▶ _Data to examine_
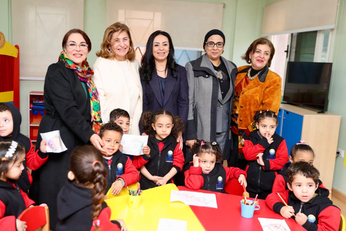 وعقب ذلك تفقدت المستشارة أمل عمار والدكتورة مايا مرسي قاعات الحضانات التي تديرها جمعية خير وبركة والمرأة الجديدة داخل المجمع وأطلعتا على الخدمات والأنشطة التي تقدم للأطفال وكذلك أسرهم فضلا عن الإطلاع على دورة تدريبية للميسرات وذلك في إطار برنامج تنمية الطفولة المبكرة الذي تنفذه الوزارة
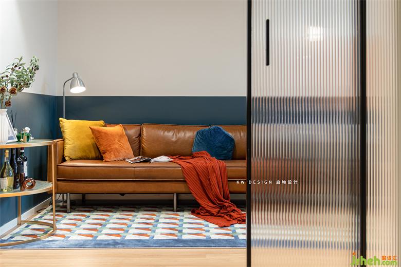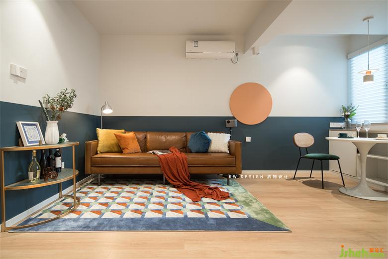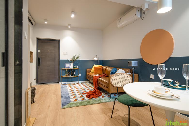 北歐表情的棕色沙發(fā)搭配落地銀色銅燈,精致唯美。家裝設(shè)計拼色幾何地毯幾乎搭上了客餐廳空間的所有色系,仿佛一個集大成者。墻面蔚藍(lán)色半墻浮上圓形橙色色塊,不禁讓人聯(lián)想到蔚藍(lán)的海面,燃燒似火,懸浮其上的落日,浪漫愜意。創(chuàng)意給空間加分。
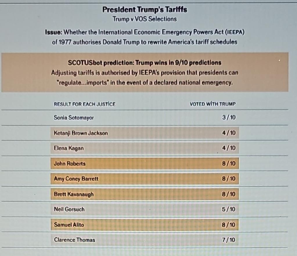 The Economist’in Yüksek Mahkeme kararlarını tahmin eden yapay zekâ aracı SCOTUSbot, Trump’ın tarifelerinin onaylanacağını öngörüyor. On simülasyonun dokuzunda başkan 5-4, 6-3 veya 7-2 oy oranıyla galip geliyor. IEEPA’nın genişletilmiş yorumunun iki partiden de destek bulabileceği belirtiliyor: Cumhuriyetçi yargıçlar genellikle başkanlara (özellikle Cumhuriyetçi olanlara) geniş yetki tanırken, Federal Temyiz Mahkemesi’nde Obama tarafından atanmış iki yargıç da Trump’tan yana tavır aldı — bunlardan biri muhalefet şerhini yazan Yargıç Richard Taranto’ydu. Trump’ın otomobil, bakır ve mobilya gibi ürünlere koyduğu diğer tarifeler ise IEEPA’ya değil, 1962 tarihli Ticaretin Genişletilmesi Yasası’nın 232. Bölümü ile 1974 tarihli Ticaret Yasası’nın 301. Bölümüne dayanıyor; dolayısıyla risk altında değiller.
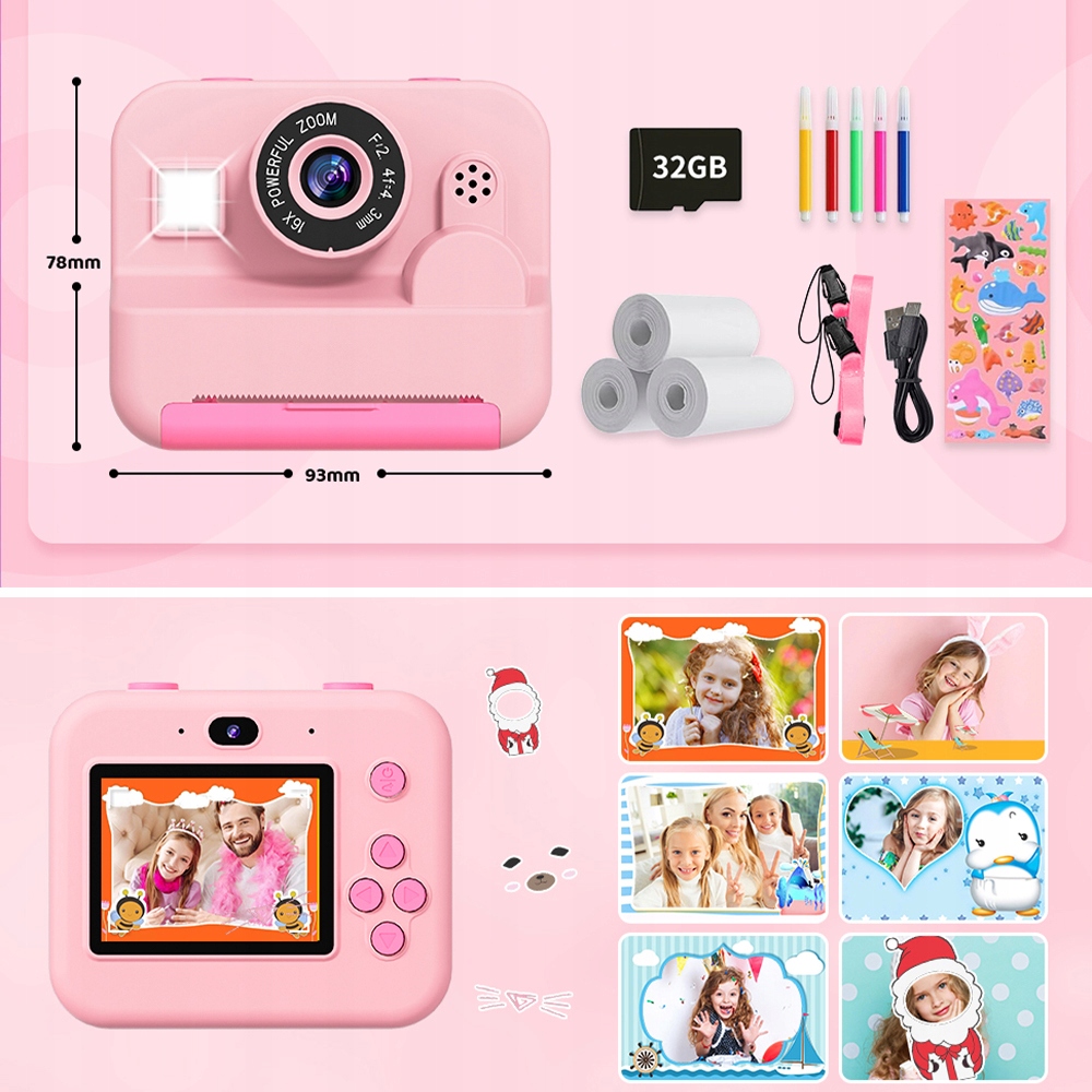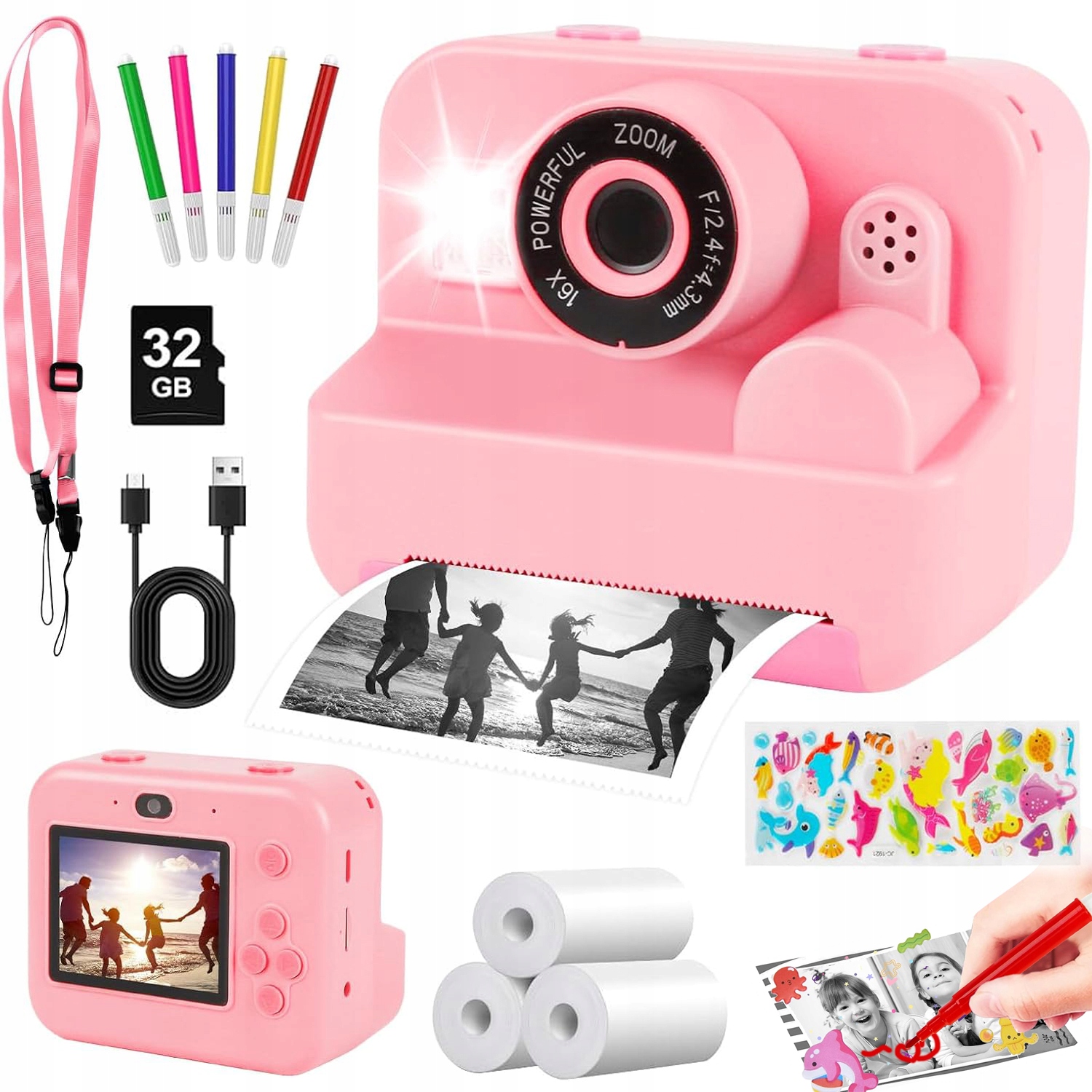 - Мгновенная камера оснащена большим экраном с диагональю 2,4 -дюйма и разрешением 1080p HD. Использует передовую технологию тепловой печати без использования туши. Благодаря этому дети могут делать свои любимые фотографии за несколько секунд, а затем рисовать с разноцветными ручками.
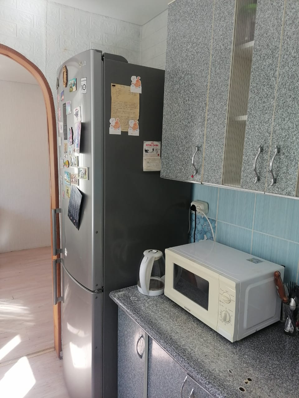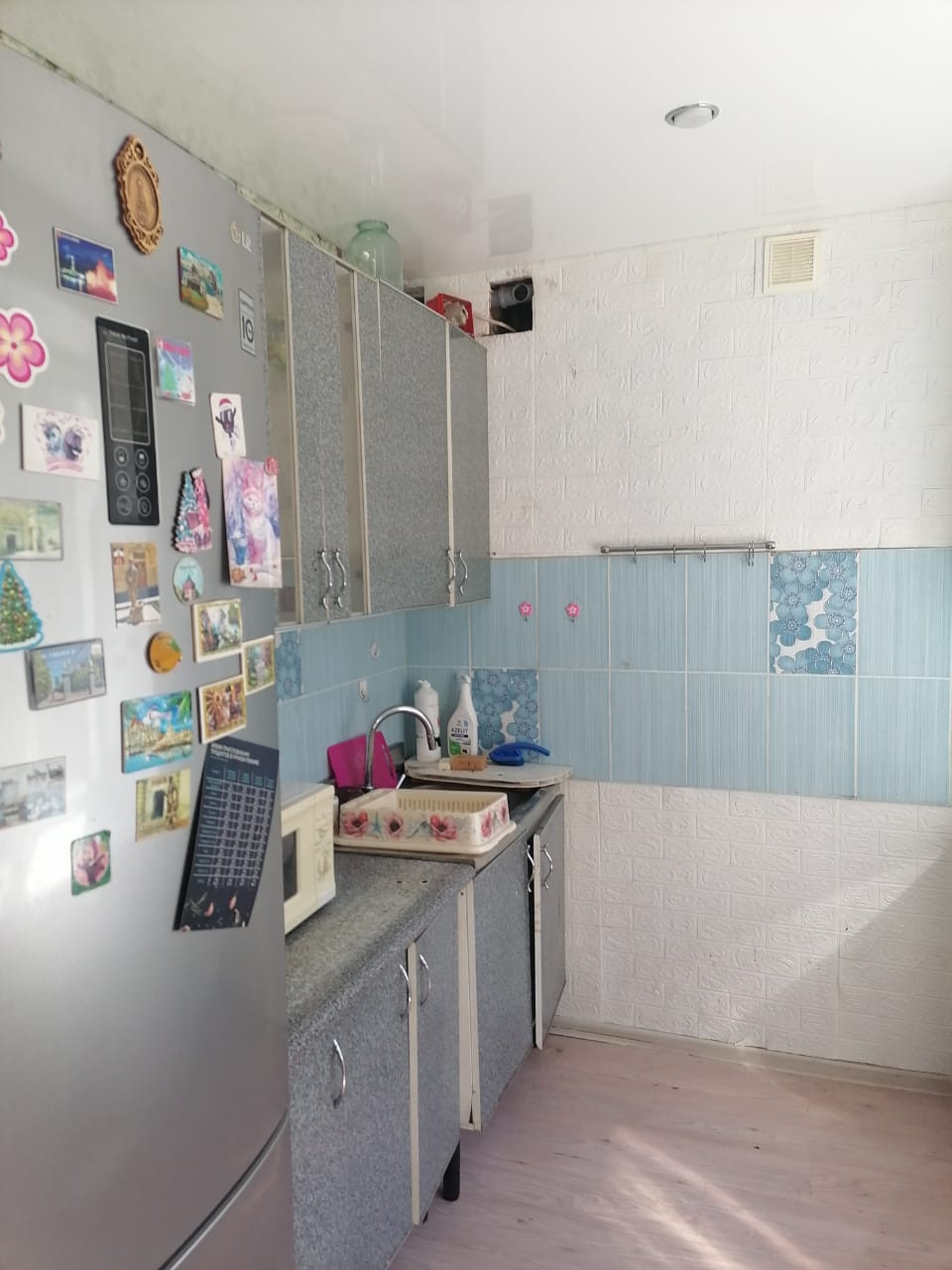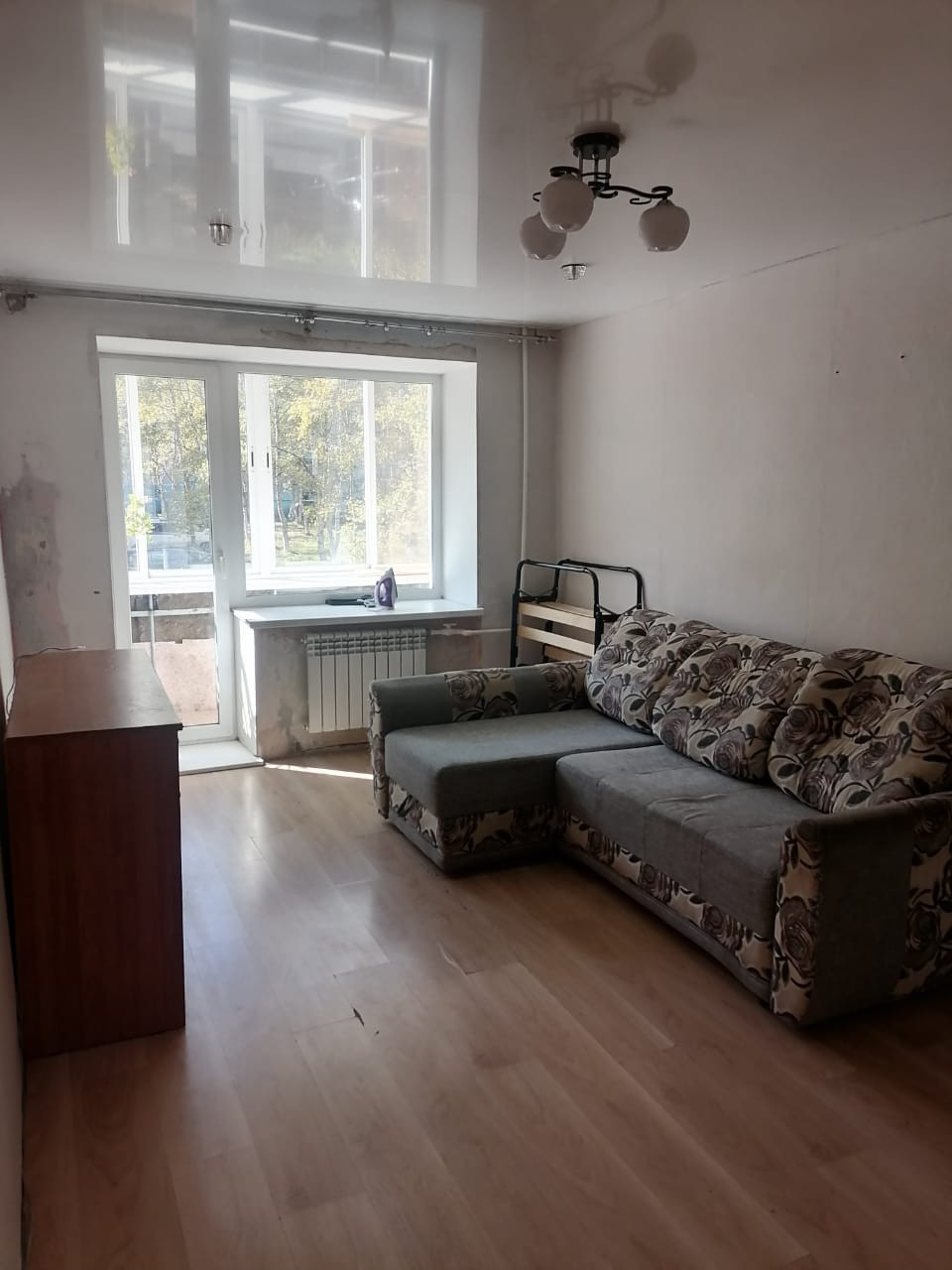В связи с переездом продается квартира. В прихожей и маленькой комнатке недавно переклеены обои. Потолок натянут во всей квартире в начале года.квартира теплая, окна выходят на обе стороны. Соседи хорошие.

▶ _The problem_
Write out the listing above in full, word for word, with no pictures.

▶ _Task output_
 وعقب ذلك تفقدت المستشارة أمل عمار والدكتورة مايا مرسي قاعات الحضانات التي تديرها جمعية خير وبركة والمرأة الجديدة داخل المجمع وأطلعتا على الخدمات والأنشطة التي تقدم للأطفال وكذلك أسرهم فضلا عن الإطلاع على دورة تدريبية للميسرات وذلك في إطار برنامج تنمية الطفولة المبكرة الذي تنفذه الوزارة
 北歐表情的棕色沙發(fā)搭配落地銀色銅燈,精致唯美。家裝設(shè)計拼色幾何地毯幾乎搭上了客餐廳空間的所有色系,仿佛一個集大成者。墻面蔚藍(lán)色半墻浮上圓形橙色色塊,不禁讓人聯(lián)想到蔚藍(lán)的海面,燃燒似火,懸浮其上的落日,浪漫愜意。創(chuàng)意給空間加分。
 The Economist’in Yüksek Mahkeme kararlarını tahmin eden yapay zekâ aracı SCOTUSbot, Trump’ın tarifelerinin onaylanacağını öngörüyor. On simülasyonun dokuzunda başkan 5-4, 6-3 veya 7-2 oy oranıyla galip geliyor. IEEPA’nın genişletilmiş yorumunun iki partiden de destek bulabileceği belirtiliyor: Cumhuriyetçi yargıçlar genellikle başkanlara (özellikle Cumhuriyetçi olanlara) geniş yetki tanırken, Federal Temyiz Mahkemesi’nde Obama tarafından atanmış iki yargıç da Trump’tan yana tavır aldı — bunlardan biri muhalefet şerhini yazan Yargıç Richard Taranto’ydu. Trump’ın otomobil, bakır ve mobilya gibi ürünlere koyduğu diğer tarifeler ise IEEPA’ya değil, 1962 tarihli Ticaretin Genişletilmesi Yasası’nın 232. Bölümü ile 1974 tarihli Ticaret Yasası’nın 301. Bölümüne dayanıyor; dolayısıyla risk altında değiller.
 - Мгновенная камера оснащена большим экраном с диагональю 2,4 -дюйма и разрешением 1080p HD. Использует передовую технологию тепловой печати без использования туши. Благодаря этому дети могут делать свои любимые фотографии за несколько секунд, а затем рисовать с разноцветными ручками.
В связи с переездом продается квартира. В прихожей и маленькой комнатке недавно переклеены обои. Потолок натянут во всей квартире в начале года.квартира теплая, окна выходят на обе стороны. Соседи хорошие.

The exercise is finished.